ASSIGNMENT - Could you set down the lines from the first line of the entries below through the line with "Fotografie č. 2", exactly and with no pictures?

□ □ □ □ □

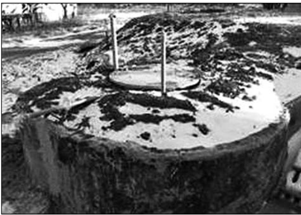
Рис. 2. Зовнішній вигляд водозабірної свердловини

ням та аналізом даних на комп'ютері для визначення кількості теплоти, що вилучена з ґрунтової води за допомогою теплового насоса, і кількості теплоти, що подана у систему опалення відповідно. В обох контурах встановлені також випускники для видалення повітря при заповненні системи і її роботі. Для проведення наукових досліджень ефективності роботи теплового насоса температура теплоносія у прямому та зворотному трубопроводах
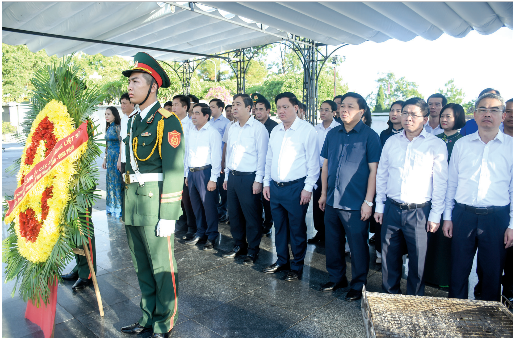
Các đồng chí lãnh đạo tỉnh dâng hương tại Đài tưởng niệm các anh hùng liệt sĩ Nghĩa trang Liệt sĩ quốc gia Đường 9.
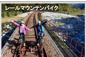
レールマウンテンバイク
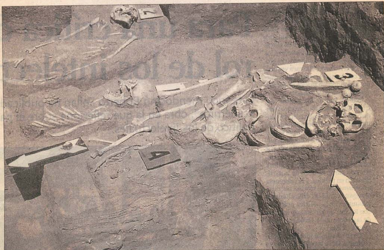
Enterratorio del Rincón del Atuel.

La exploración arqueológica ha permitido reconstruir hábitos y ceremonias de los primigenios habitantes de la región en torno a la muerte.
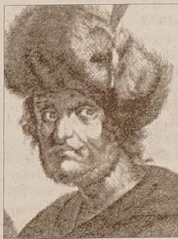
Dymitr Samozwaniec I

Okupujący Moskwę Polacy nie chcieli opuścić Kremla oraz przylegających doń dzielnic miasta. Od sierpnia nie mogli już tego uczynić; do stolicy Rosji przybyło drugie pospolite ruszenie z księciem Dymitrem
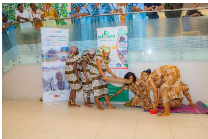
Le passage de la SODEXAM au concours des customer's day
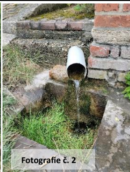
Fotografie č. 2

V roce 1969 žadatelům o vodovodní přípojku uděluje Rada MNV povolení k přípojce s podmínkou, že nesmí na vodovod být připojeno splachovací WC ani koupelna. Vody bylo stále pro všechny málo. Kuriozítka: první a jediný rozvod vody v trubkách (vodovod) před rokem 1969 si v obci pro sebe zařídil nájemce statku č. 1 Jan Zapotil už v roce 1928. Až v červnu 1994 došlo na tomto nejstarším místním vodovodním řadu k havárii a bylo třeba udělat rozvod nový z polyetylenových trubek. V roce 1971 bylo ve čtyřech ulicích položeno dalších 490 m, které byly napojeny až k rybníku. Pro připojení vodovodní sítě byla u studánky postavena vodárnička (nad rybníkem). V roce 1972 bylo položeno dalších 370 m trubek a drenáží byla do rybníku svedena voda, která přetéká ze studánky od vodárničky. Její přítok byl tehdy 4 litry za minutu, což činilo 56 hektolitřů za den. Funkční je i dnes. U malé zděné stavbičky uzavřené starobylými kovanými dveřmi tryská dodnes u cestičky u rybníka voda. (Fotografie č. 1 a č. 2.) To je jediný okamžitý a stálý a bezúdržbový a nekonečný zdroj tekoucí vody, kdyby obec zůstala z jakéhokoliv důvodu bez vody. Ovšem, je nepitná. Ztrácí se pod cestičkou a končí na břehu rybníka (správně řečeno požární nádrže).

□ □ □ □ □

ANSWER SPACE -
Рис. 2. Зовнішній вигляд водозабірної свердловини

ням та аналізом даних на комп'ютері для визначення кількості теплоти, що вилучена з ґрунтової води за допомогою теплового насоса, і кількості теплоти, що подана у систему опалення відповідно. В обох контурах встановлені також випускники для видалення повітря при заповненні системи і її роботі. Для проведення наукових досліджень ефективності роботи теплового насоса температура теплоносія у прямому та зворотному трубопроводах
Các đồng chí lãnh đạo tỉnh dâng hương tại Đài tưởng niệm các anh hùng liệt sĩ Nghĩa trang Liệt sĩ quốc gia Đường 9.
レールマウンテンバイク
Enterratorio del Rincón del Atuel.

La exploración arqueológica ha permitido reconstruir hábitos y ceremonias de los primigenios habitantes de la región en torno a la muerte.
Dymitr Samozwaniec I

Okupujący Moskwę Polacy nie chcieli opuścić Kremla oraz przylegających doń dzielnic miasta. Od sierpnia nie mogli już tego uczynić; do stolicy Rosji przybyło drugie pospolite ruszenie z księciem Dymitrem
Le passage de la SODEXAM au concours des customer's day
Fotografie č. 2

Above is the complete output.